Police have accessed images from the new average speed cameras on Hindmarsh Drive for general criminal surveillance.

Police have accessed images from the new average speed cameras on Hindmarsh Drive for general criminal surveillance. Photo: Melissa Adams MLA

The opposition has called on the government to be honest with Canberrans over its use of images taken by point-to-point speed cameras.

Police have accessed images from the new average speed cameras on Hindmarsh Drive for general criminal surveillance six times since they were activated in February.

Their surveillance has mostly related to serious crime, according to ACT Policing, including aggravated robbery and grievous bodily harm, aggravated burglary and home invasion, and dangerous driving.
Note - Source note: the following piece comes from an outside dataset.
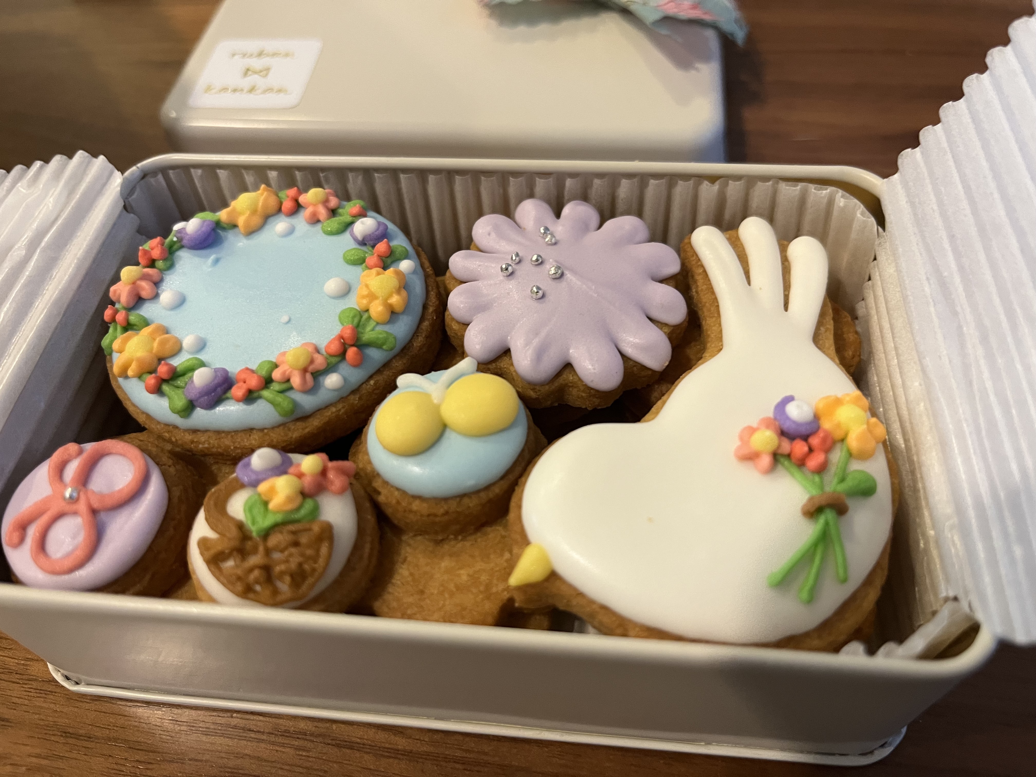 その下にはお花の形の素焼きクッキーがたくさんはいっています。普段ならこんなに可愛いアイシングクッキーは最後まで取っておくタイプなのですが、ここは感想を述べるために思い切って早速いただくことにします笑。

Police are required to hand over a significant amount of detail on any car suspected to have links to criminal activity, including the time, place, date, location and vehicle details, but don't need a warrant or court order.

Opposition Leader Zed Seselja on Wednesday urged the government to clarify exactly how the data is being used, not just by police, but right across government.

The government maintains it was clear and transparent about alternative uses of the speed cameras through the public debate of the legislation last year, something Mr Seselja disputes.

''They haven't, and obviously if they want to use them as de facto CCTV cameras, then they should say that,'' Mr Seselja said. ''If it is just about traffic management, then they should say that, if it's somewhere in between then they need to be very clear on what are the circumstances where these images can be used,'' he said.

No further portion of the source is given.